Inhibition of Panx1 currents by some chloride channel/anion transporter inhibitors. A, two examples of concentration-dependent inhibition of mPanx1 currents by NPPB (left) and SITS (right); note NPPB inhibited inward and outward current; lanthanum (2 mM) present throughout. B, concentration-inhibition curves for inhibitory compounds; each point is mean ± S.E.M. of five to 12 points. C, histogram, mean currents in the presence of 100 μM of each of the compounds, except for CBX, which was 50 μM.

Fig. 6.

Extracellular nucleoside triphosphates inhibit Panx1 currents. Voltage steps (A) and ramps (B) in control and presence of ATP as indicated. C, concentration inhibition curves for ATP, UTP, and GTP inhibition of mPanx1 as indicated; n = 5 to 14 for each point. D, currents recorded with high intracellular ATP (20 mM); no differences in peak current or inhibition by extracellular ATP or CBX were observed.
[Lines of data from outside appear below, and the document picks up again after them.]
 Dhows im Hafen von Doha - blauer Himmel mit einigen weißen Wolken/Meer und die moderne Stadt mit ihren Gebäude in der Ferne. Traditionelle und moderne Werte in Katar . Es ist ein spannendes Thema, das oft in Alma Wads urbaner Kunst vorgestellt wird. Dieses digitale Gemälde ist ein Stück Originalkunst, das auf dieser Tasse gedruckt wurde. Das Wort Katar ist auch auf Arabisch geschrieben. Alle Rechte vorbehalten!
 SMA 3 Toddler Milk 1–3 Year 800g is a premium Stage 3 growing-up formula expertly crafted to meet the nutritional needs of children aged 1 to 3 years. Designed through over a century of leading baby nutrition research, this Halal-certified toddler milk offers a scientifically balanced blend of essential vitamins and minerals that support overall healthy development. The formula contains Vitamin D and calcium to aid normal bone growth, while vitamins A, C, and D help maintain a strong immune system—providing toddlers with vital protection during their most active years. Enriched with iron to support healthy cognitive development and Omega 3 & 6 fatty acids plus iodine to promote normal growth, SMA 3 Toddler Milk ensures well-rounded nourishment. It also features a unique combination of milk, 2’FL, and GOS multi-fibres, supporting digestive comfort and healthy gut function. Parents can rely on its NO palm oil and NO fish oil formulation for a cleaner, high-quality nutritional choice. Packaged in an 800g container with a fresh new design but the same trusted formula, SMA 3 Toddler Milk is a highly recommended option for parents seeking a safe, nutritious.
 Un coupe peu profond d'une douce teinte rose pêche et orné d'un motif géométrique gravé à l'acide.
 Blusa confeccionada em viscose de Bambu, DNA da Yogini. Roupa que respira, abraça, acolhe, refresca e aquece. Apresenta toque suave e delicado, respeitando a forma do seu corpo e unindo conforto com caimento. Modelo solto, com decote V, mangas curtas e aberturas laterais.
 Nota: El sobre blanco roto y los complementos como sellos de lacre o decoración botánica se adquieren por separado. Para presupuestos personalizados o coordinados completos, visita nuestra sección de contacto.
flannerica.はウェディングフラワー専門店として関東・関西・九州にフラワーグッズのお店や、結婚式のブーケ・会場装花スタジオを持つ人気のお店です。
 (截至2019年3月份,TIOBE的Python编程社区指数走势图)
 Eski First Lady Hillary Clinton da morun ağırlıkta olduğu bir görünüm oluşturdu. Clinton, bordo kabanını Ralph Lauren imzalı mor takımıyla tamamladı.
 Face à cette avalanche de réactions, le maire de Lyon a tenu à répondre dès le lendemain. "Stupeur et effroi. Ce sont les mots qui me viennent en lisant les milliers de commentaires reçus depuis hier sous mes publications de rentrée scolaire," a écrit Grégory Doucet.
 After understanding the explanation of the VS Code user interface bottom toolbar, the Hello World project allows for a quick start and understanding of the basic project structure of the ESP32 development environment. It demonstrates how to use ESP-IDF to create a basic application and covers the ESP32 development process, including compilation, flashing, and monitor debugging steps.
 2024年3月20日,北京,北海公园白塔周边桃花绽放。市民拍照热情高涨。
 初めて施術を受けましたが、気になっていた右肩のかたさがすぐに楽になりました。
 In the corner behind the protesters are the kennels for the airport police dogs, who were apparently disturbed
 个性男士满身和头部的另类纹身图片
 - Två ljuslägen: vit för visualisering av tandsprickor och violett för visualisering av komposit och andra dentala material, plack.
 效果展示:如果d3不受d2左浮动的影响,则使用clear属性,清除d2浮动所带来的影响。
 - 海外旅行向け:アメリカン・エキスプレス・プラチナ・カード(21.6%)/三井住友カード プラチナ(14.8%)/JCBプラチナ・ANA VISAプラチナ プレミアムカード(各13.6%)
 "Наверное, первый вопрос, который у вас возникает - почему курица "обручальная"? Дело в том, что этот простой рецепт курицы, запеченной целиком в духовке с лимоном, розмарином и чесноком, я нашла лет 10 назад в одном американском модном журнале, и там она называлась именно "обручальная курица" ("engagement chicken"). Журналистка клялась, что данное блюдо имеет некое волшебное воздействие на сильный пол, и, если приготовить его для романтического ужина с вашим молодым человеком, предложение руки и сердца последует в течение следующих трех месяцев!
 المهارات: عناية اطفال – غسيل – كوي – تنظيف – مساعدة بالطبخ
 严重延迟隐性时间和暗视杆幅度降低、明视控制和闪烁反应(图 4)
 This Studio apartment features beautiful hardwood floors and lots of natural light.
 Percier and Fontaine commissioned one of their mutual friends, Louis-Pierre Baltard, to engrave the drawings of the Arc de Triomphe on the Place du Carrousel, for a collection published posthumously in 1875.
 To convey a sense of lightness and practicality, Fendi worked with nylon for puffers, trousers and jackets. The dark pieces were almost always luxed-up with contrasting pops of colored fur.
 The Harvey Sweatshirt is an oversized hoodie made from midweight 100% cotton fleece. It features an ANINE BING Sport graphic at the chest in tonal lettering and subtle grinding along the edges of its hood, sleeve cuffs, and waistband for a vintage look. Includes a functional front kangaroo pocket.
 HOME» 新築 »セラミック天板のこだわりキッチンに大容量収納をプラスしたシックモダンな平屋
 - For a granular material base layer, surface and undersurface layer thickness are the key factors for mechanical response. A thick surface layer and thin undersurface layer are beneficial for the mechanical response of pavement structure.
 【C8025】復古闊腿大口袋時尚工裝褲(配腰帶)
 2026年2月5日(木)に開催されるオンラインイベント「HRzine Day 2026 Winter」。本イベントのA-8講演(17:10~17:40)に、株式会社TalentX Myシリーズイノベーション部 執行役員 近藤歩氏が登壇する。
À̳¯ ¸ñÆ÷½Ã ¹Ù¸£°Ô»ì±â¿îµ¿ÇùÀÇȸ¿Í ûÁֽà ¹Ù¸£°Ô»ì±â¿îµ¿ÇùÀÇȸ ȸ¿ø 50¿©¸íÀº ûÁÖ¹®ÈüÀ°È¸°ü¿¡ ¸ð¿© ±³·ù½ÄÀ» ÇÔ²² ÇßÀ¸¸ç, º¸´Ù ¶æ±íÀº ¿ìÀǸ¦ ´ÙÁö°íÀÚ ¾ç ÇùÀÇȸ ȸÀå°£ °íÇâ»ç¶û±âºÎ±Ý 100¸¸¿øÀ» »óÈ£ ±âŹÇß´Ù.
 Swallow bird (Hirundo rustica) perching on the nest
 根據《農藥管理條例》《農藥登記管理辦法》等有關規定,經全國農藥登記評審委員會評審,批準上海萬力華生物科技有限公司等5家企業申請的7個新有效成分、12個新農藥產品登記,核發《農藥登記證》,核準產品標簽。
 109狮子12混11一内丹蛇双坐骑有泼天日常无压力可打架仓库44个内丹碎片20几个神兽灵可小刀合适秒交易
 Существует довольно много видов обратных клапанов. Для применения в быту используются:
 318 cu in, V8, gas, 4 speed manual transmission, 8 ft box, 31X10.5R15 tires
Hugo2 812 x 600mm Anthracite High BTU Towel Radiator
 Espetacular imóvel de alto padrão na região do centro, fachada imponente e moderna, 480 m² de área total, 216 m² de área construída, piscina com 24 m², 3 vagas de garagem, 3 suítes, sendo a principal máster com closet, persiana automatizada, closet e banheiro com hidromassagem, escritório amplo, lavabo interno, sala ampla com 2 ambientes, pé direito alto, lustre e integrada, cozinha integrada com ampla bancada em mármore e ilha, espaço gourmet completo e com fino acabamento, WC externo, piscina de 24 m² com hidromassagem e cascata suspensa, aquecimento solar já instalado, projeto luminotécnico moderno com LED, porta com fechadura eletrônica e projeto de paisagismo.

E, Panx1 currents in presence of maximal concentrations of nucleotides, nucleosides, and phosphates as indicated.

Fig. 7.

Actions of Panx1 inhibitors on ATP-evoked currents in cells coexpressing Panx1 and P2X₇ receptor. A, examples of ATP-evoked currents in the presence and absence of CBX, NPPB, and MFQ as indicated; currents were slightly increased or unaltered. B, example of ATP-evoked currents in the absence and presence of DIDS. C, summary of all experiments as illustrated in A and B; results for NPPB and MFQ at each of the three P2X₇Rs are pooled because there was minimal or no effect, whereas inhibition by DIDS is shown for each species, n = 5 to 18 for each point. DIDS IC₅₀ values were 90 ± 4, 130 ± 12, and 195 ± 21 μM for rat, mouse, and human P2X₇R, respectively.